→ Information supplied
******************************

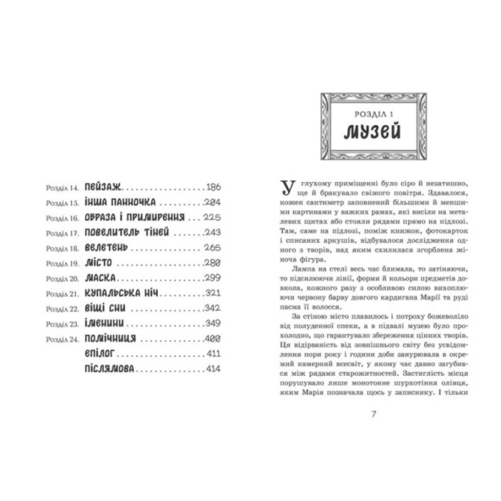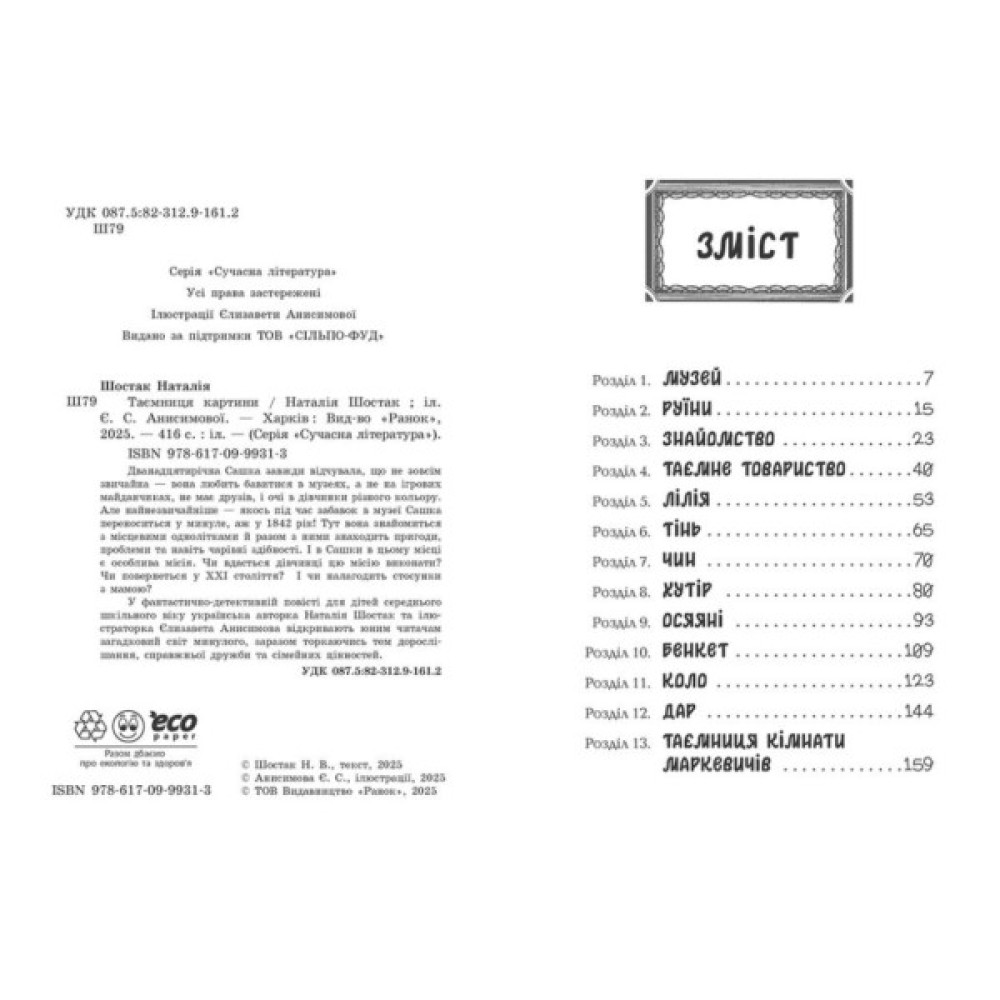 Дванадцятирічна Сашка ніяк не може вписатися у «звичайне» життя. Її ваблять не ігрові майданчики, а музеї, стародавності й таємничі картини… І не дарма: одна з них виявляється справжнім порталом — і затягує дівчинку в минуле, аж у 1842 рік. І ця епоха, здається, підходить дівчинці значно більше. Тут, де міфи живуть поруч з історією, Сашка приятелює з місцевими однолітками, знаходить з ними пригоди й проблеми та… відкриває свої чарівні здібності! У цьому місці вона має особливу місію. Та чи вдасться її виконати, коли на кожному кроці чекають грізні чари? Чи зможе Сашка розгадати таємницю картини, щоби повернутися додому, чи назавжди залишиться її частиною?
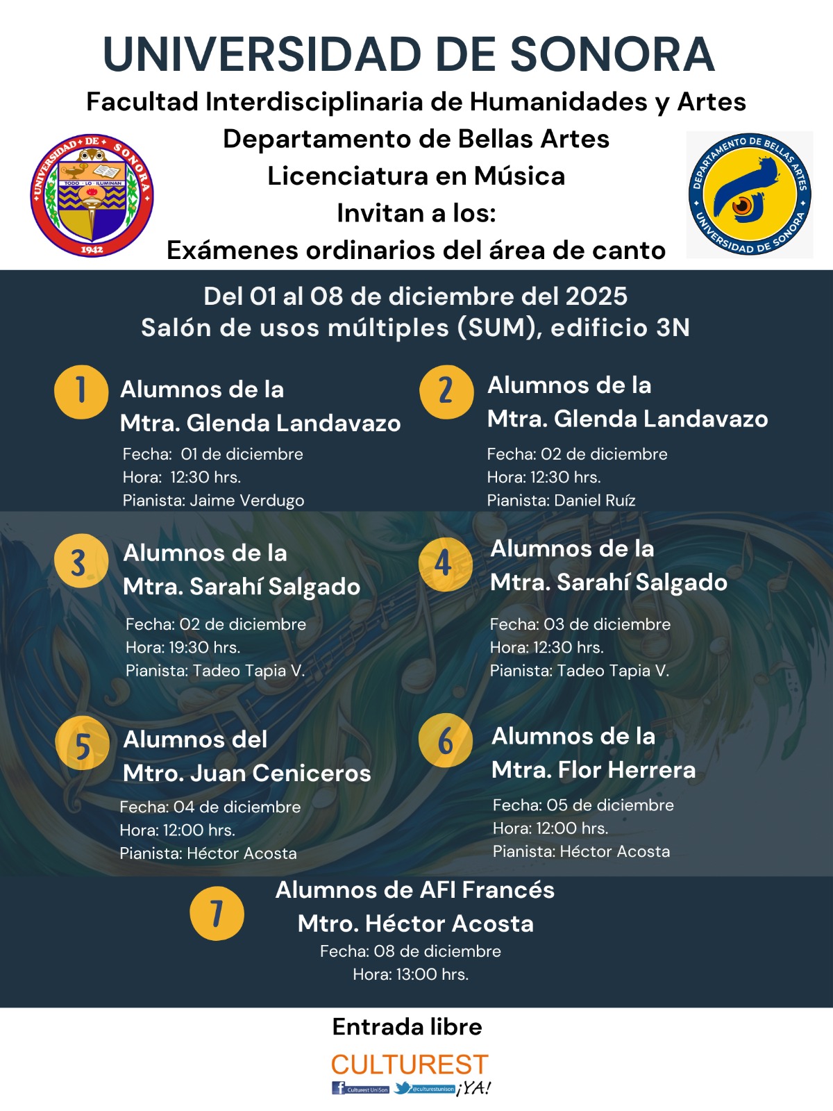 Exámenes ordinarios del área de canto de los alumnos de la Licenciatura en Música de La Universidad de Sonora
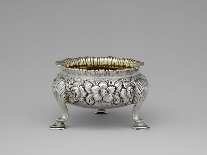 This set of tongs belongs to a tea and coffee set containing nine pieces. The service was made for James Hamilton Wilson of Baltimore in 1845, the year he married. The coat of arms is that of the Hamilton family. These tongs are ornamented with similar motifs to those found on the holloware pieces of the service; however, the technique used is flat chasing instead of repoussé.
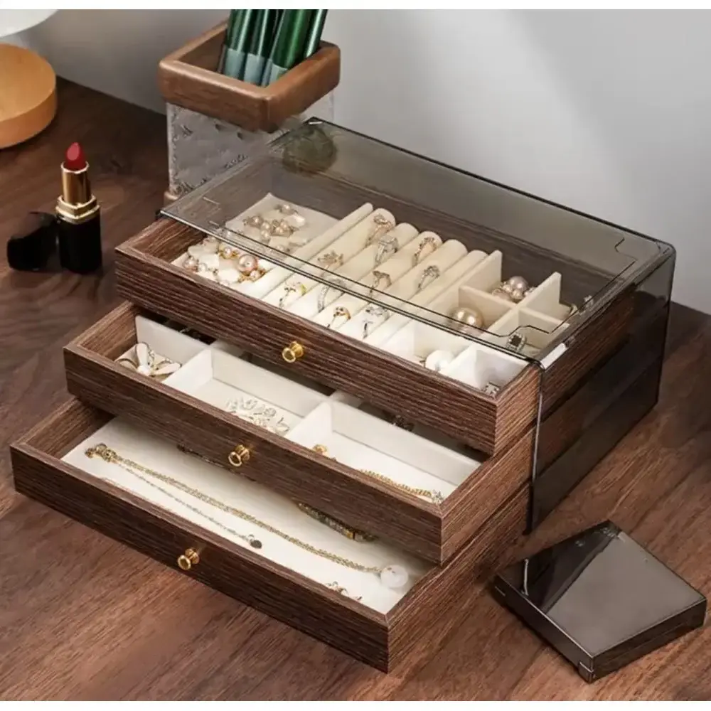 Шкатулка-органайзер для украшений с тремя выдвижными ящиками предназначена для аккуратного хранения колец, сережек, браслетов, часов и других аксессуаров. Внутренняя организация включает роллы для колец, маленькие ячейки для маленьких украшений и просторный отсек для огромных изделий. Прозрачная крышка защищает содержание от пыли и позволяет видеть все украшения без необходимости открывать органайзер.

******************************

→ What you will do
Return the material exactly as given above, picture-free.

→ Answer area
 Дванадцятирічна Сашка ніяк не може вписатися у «звичайне» життя. Її ваблять не ігрові майданчики, а музеї, стародавності й таємничі картини… І не дарма: одна з них виявляється справжнім порталом — і затягує дівчинку в минуле, аж у 1842 рік. І ця епоха, здається, підходить дівчинці значно більше. Тут, де міфи живуть поруч з історією, Сашка приятелює з місцевими однолітками, знаходить з ними пригоди й проблеми та… відкриває свої чарівні здібності! У цьому місці вона має особливу місію. Та чи вдасться її виконати, коли на кожному кроці чекають грізні чари? Чи зможе Сашка розгадати таємницю картини, щоби повернутися додому, чи назавжди залишиться її частиною?
 Exámenes ordinarios del área de canto de los alumnos de la Licenciatura en Música de La Universidad de Sonora
 This set of tongs belongs to a tea and coffee set containing nine pieces. The service was made for James Hamilton Wilson of Baltimore in 1845, the year he married. The coat of arms is that of the Hamilton family. These tongs are ornamented with similar motifs to those found on the holloware pieces of the service; however, the technique used is flat chasing instead of repoussé.
 Шкатулка-органайзер для украшений с тремя выдвижными ящиками предназначена для аккуратного хранения колец, сережек, браслетов, часов и других аксессуаров. Внутренняя организация включает роллы для колец, маленькие ячейки для маленьких украшений и просторный отсек для огромных изделий. Прозрачная крышка защищает содержание от пыли и позволяет видеть все украшения без необходимости открывать органайзер.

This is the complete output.